Republican and Democratic presidential candidates alike have hit the campaign trail this year to rally around the need for a stronger manufacturing base. State lawmakers, particularly in the South, have handed over millions in subsidies to lure manufacturing jobs to their states in recent years.
It’s true that factory jobs once helped build America’s middle class. But new evidence shows that, today, many manufacturing jobs in the U.S. pay wages that are more in line with what you find at McDonald’s or Walmart.
Consider Gonzalo Saenz, who was born in Detroit and grew up under the backdrop of the Motor City’s sprawling auto-manufacturing plants. Gonzalo, like many Americans, was raised with the idea that manufacturing jobs were good jobs—the kind of jobs that helped build the middle class.
Gonzalo, now 40, lives with his wife and kids in Allen Park, Mich. He works full-time at an auto-parts supplier and is paid $11 an hour. His wife of 17 years works at Chili’s. The low wages Gonzalo and his wife earn leave them constantly behind on their bills, and the Saenz family depends on food stamps and Medicaid to get by.
He and his family are not alone.
According to a new report that I co-authored at UC Berkeley, more than a third of non-supervisorial manufacturing production workers in the U.S. receive some form of assistance from public-safety-net programs for themselves or a family member. This holds for full-time as well as part-time workers. Low wages in the manufacturing industry now cost taxpayers approximately $10.2 billion each year in public assistance, our study finds.
While employment in manufacturing has started to grow again following the Great Recession, the new jobs created are less likely to be union and more likely to pay low wages. Recent research by the National Employment Law Project found that, for the first time in decades, wages for manufacturing production workers now rank in the bottom half of all jobs in the U.S.: While production workers employed in manufacturing historically earned wages significantly higher than the U.S. average, by 2013 the typical worker made 7.7% below the median wage for all occupations.
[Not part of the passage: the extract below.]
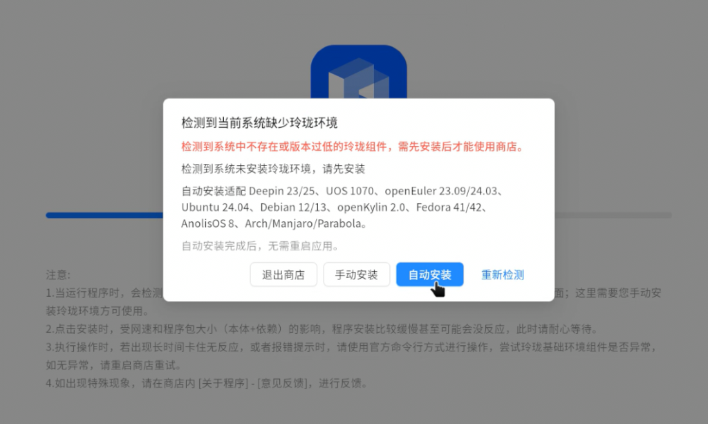 安装器会自动检测系统环境和架构,下载安装对应版本的玲珑运行环境和玲珑商店。

One-in-four are now paid less than $11.91 an hour.
Perhaps most concerning, our research shows that the number of manufacturing production jobs hired through temporary staffing agencies is growing dramatically. These jobs pay barely more than the minimum wage: In 2014 the median wage for assemblers and fabricators hired through temp agencies was $10.88 an hour, compared to $15.03 for those hired directly by the manufacturers.
Not surprising, for those manufacturing workers employed through temporary staffing agencies, the percentage of families utilizing public safety net programs is 50%—similar to the rate for fast-food workers and their families.
Eight of the 10 states with the highest participation of manufacturing production workers’ families in public-assistance programs are in the South, where unionization rates and wages are lower. Mississippi has the highest participation rate at 59%.
Manufacturing still plays an important role in the U.S. economy. The industry has a ripple effect—creating demand for goods and services from other economic sectors, and is an important source of innovation and productivity growth.
There are steps that lawmakers can take to boost pay and improve the quality of jobs in manufacturing. Conditioning subsidies on strong wage requirements, for example, would reduce state and federal public costs for public assistance, and allow states and local governments to better target how tax dollars are used. Perhaps most important, taking steps to restore good jobs in manufacturing would allow workers like Gonzalo to stand on their own two feet.
It’s long past time for lawmakers at the state and federal level to reckon with the major public cost of low-wage work in manufacturing today, and to demand not just more factory jobs, but ones that will once again provide a path to the middle class.